Your objective: The records below are to be copied exactly, with their pictures left out.

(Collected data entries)
::::::::::

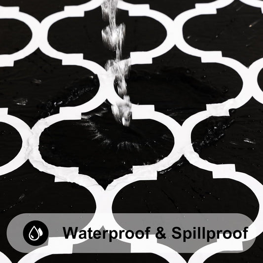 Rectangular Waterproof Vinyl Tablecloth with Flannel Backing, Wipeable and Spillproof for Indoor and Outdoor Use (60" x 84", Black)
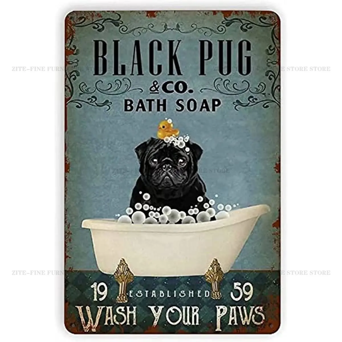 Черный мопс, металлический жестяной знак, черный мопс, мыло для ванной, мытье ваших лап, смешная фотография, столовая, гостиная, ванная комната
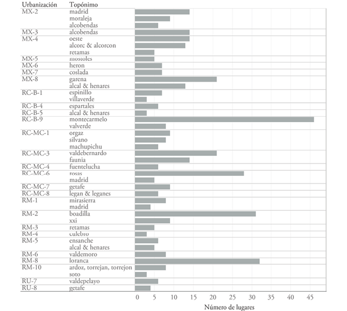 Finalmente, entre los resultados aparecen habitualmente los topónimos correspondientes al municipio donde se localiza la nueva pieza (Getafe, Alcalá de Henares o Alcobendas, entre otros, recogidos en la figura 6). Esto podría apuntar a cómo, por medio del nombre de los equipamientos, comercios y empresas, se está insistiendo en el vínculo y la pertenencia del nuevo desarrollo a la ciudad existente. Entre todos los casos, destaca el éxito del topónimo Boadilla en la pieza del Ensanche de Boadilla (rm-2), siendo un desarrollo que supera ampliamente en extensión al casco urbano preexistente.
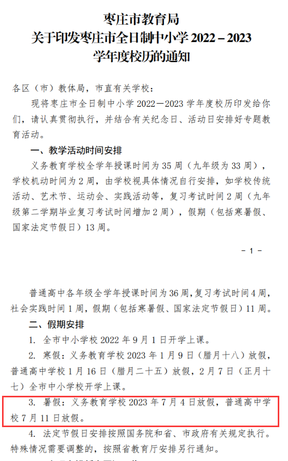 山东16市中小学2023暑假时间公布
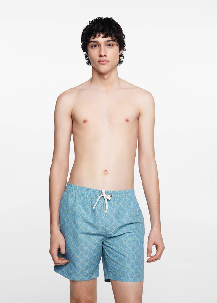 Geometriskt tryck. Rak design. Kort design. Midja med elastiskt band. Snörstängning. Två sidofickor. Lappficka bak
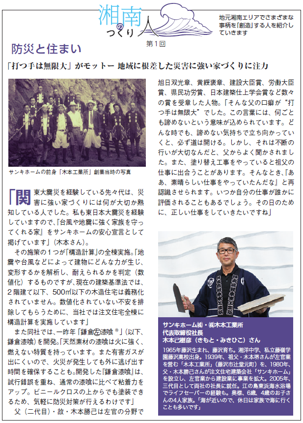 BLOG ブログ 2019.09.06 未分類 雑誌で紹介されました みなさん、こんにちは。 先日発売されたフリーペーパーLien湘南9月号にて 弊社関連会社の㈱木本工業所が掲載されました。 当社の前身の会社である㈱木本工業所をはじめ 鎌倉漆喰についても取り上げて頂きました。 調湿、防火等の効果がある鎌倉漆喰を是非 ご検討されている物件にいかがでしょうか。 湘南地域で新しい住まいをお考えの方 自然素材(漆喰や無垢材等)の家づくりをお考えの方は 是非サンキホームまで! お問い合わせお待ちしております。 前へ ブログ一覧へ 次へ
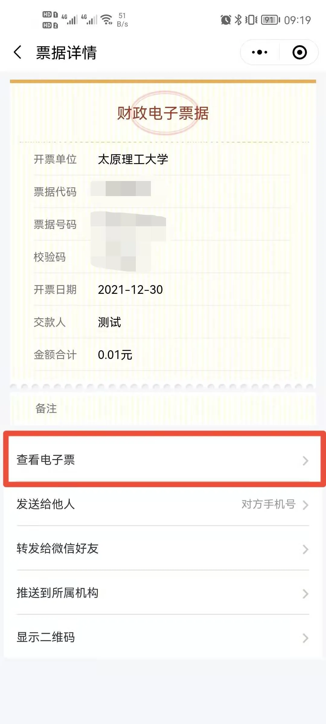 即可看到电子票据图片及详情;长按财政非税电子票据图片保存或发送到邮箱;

::::::::::

Solution to this task:
 Rectangular Waterproof Vinyl Tablecloth with Flannel Backing, Wipeable and Spillproof for Indoor and Outdoor Use (60" x 84", Black)
 Черный мопс, металлический жестяной знак, черный мопс, мыло для ванной, мытье ваших лап, смешная фотография, столовая, гостиная, ванная комната
 Finalmente, entre los resultados aparecen habitualmente los topónimos correspondientes al municipio donde se localiza la nueva pieza (Getafe, Alcalá de Henares o Alcobendas, entre otros, recogidos en la figura 6). Esto podría apuntar a cómo, por medio del nombre de los equipamientos, comercios y empresas, se está insistiendo en el vínculo y la pertenencia del nuevo desarrollo a la ciudad existente. Entre todos los casos, destaca el éxito del topónimo Boadilla en la pieza del Ensanche de Boadilla (rm-2), siendo un desarrollo que supera ampliamente en extensión al casco urbano preexistente.
 山东16市中小学2023暑假时间公布
 Geometriskt tryck. Rak design. Kort design. Midja med elastiskt band. Snörstängning. Två sidofickor. Lappficka bak
 BLOG ブログ 2019.09.06 未分類 雑誌で紹介されました みなさん、こんにちは。 先日発売されたフリーペーパーLien湘南9月号にて 弊社関連会社の㈱木本工業所が掲載されました。 当社の前身の会社である㈱木本工業所をはじめ 鎌倉漆喰についても取り上げて頂きました。 調湿、防火等の効果がある鎌倉漆喰を是非 ご検討されている物件にいかがでしょうか。 湘南地域で新しい住まいをお考えの方 自然素材(漆喰や無垢材等)の家づくりをお考えの方は 是非サンキホームまで! お問い合わせお待ちしております。 前へ ブログ一覧へ 次へ
 即可看到电子票据图片及详情;长按财政非税电子票据图片保存或发送到邮箱;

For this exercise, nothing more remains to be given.